Hacker News new | ask | show | jobs
by roenxi 672 days ago
It links to a similar problem of measuring engineering productivity, which the industry cannot do.

Notch wrote Minecraft when he was around 30. He didn't have 15 years experience in professional engineering and it seems to me he mostly just mucked around writing games in his professional life. He's now recognised as creating more than a billion dollars in value.
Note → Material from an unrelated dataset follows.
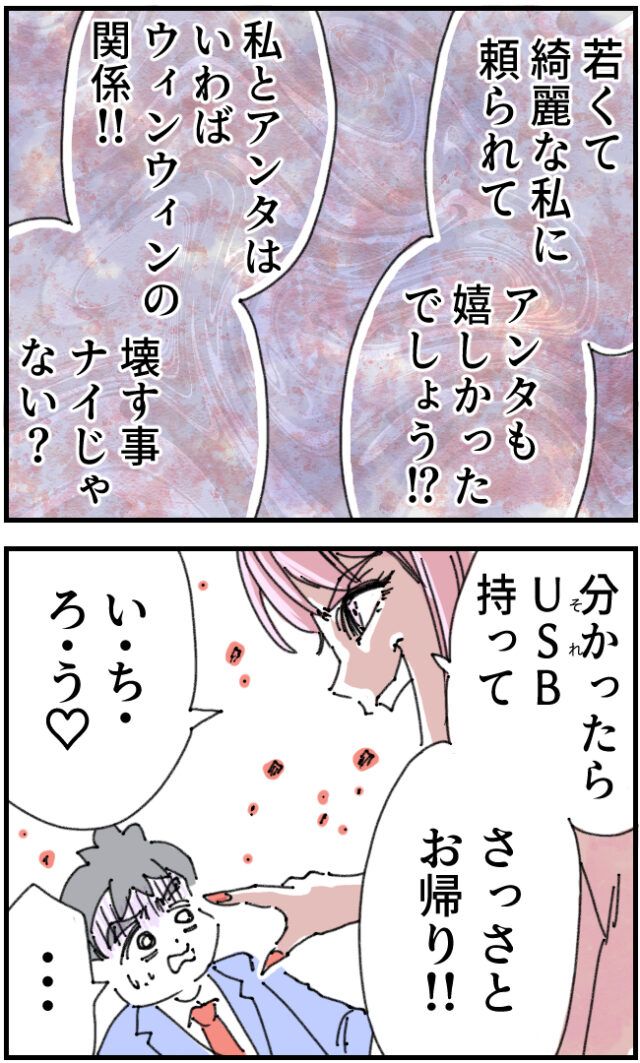 「若くて綺麗な私に頼られてアンタも嬉しかったでしょう?私とアンタはいわばウィンウィンの関係!!壊す事ナイじゃない?」白石さんは、自分が頼ることでいちろうさんも嬉しかったはずだと言い「分かったらそれ持ってさっさとお帰り!!い・ち・ろ・う」と言って笑います。いちろうさんは白石さんのとんでもない本性を知り驚きのあまり言葉も出ません。

Is a "senior" engineer doing better than that at creating software? Did he ever make senior? Does he exhibit all the traits of a senior engineer in the article like not having an ego? This is a profound challenge to the entire industry. The title really is just for HR, a developed ability to choose what projects should be worked on is much more important and there is a big gap between a Senior Software Engineer and someone who actually writes great software.

2 comments

On the flip side, the code that he originally wrote would never scale to a billion dollars. It was wildly inefficient. Someone with a bit more experience as a game developer, someone a bit senior if you will, was necessary to turn the idea into what it is today.
> It was wildly inefficient.

Spoiler: Minecraft Java Edition is still wildly inefficient despite having a trillion dollar company backing it for 10 years.

Wildly? I'm sure the code might be inefficient in many ways, but there have (as I understand) been performance improvements such as in chunk loading and map generation.
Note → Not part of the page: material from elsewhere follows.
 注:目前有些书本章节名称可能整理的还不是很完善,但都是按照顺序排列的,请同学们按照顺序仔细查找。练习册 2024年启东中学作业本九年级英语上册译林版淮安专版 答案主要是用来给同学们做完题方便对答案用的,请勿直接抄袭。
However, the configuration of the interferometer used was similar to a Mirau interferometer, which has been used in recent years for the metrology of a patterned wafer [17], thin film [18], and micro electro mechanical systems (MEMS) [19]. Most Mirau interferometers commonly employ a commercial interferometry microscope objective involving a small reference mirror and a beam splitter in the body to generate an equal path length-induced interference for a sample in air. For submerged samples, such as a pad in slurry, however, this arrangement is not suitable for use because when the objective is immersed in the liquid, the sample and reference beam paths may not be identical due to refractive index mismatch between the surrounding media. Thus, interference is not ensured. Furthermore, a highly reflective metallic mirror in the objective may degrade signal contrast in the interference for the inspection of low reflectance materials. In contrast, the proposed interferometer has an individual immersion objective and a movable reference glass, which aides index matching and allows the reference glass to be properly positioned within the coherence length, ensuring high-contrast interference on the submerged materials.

Even the latest (apparently controversial) recent redstone update is meant to take account of performance - https://www.minecraft.net/en-us/article/minecraft-snapshot-2...

"The performance impact of Redstone wire (connected blocks of Redstone Dust) has been improved"
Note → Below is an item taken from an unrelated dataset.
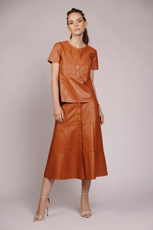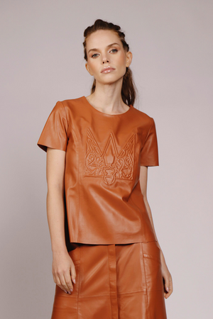 Nossa t-shirt em couro com mangas é perfeita, moderna e muito criativa, no design aplicação em alto relevo revelam técnicas do nosso feito à mão. Você vai amar o conforto e leveza do couro e modelagem.

I've no idea how true that statement is, of course!

> performance improvements such as in chunk loading and map generation

True but the general game loop is still (wildly) inefficient; hence the multitude of performance mods (Sodium, Lithium, FerriteCore, ImmediatelyFast, etc.) that are considered basic mods for anyone wanting to play the game without dipping down to tragic fps.

All of that functionality could (and should!) have been folded into the Minecraft source years ago. But Microsoft didn't buy Minecraft to give people a good experience - they bought it because it generates a non-trivial amount of money from things like Bedrock IAPs, merch licensing, etc. Updating the games is just a necessary evil that keeps the money flowing.

(Bedrock, on the other hand, is much more optimised because, IIRC, the core game was written in C++ targeting mobile devices and needed to be efficient to even work.)

Who? They only did have a handful of people when they sold for $1 billion. Were any senior devs?
I think it would be fair to call Jens the Principal Engineer on Minecraft. Is that senior enough?
I generally agree, but I think it's more subtle than that. Levels and titles aren't really about productivity per se either, they're about defining role expectations and conferring authority to ICs in a corporate environment where there are hundreds or thousands of developers, and they are inextricably linked to the communication needs that dominate productivity in large organizations. They often don't even map between departments, let alone different companies, and especially at smaller companies that don't have the headcount for any meaningful calibration to exist.

From that lens, Notch's "level" when he created Minecraft is pretty much undefined. He obviously had technical and entrepreneurial skill, which gave him huge credibility, and is a fast-track to a certain title / level at acquisition time, but that says very little about his ability to meet the expectations of a Microsoft engineer that worked their way up to that level through promotions.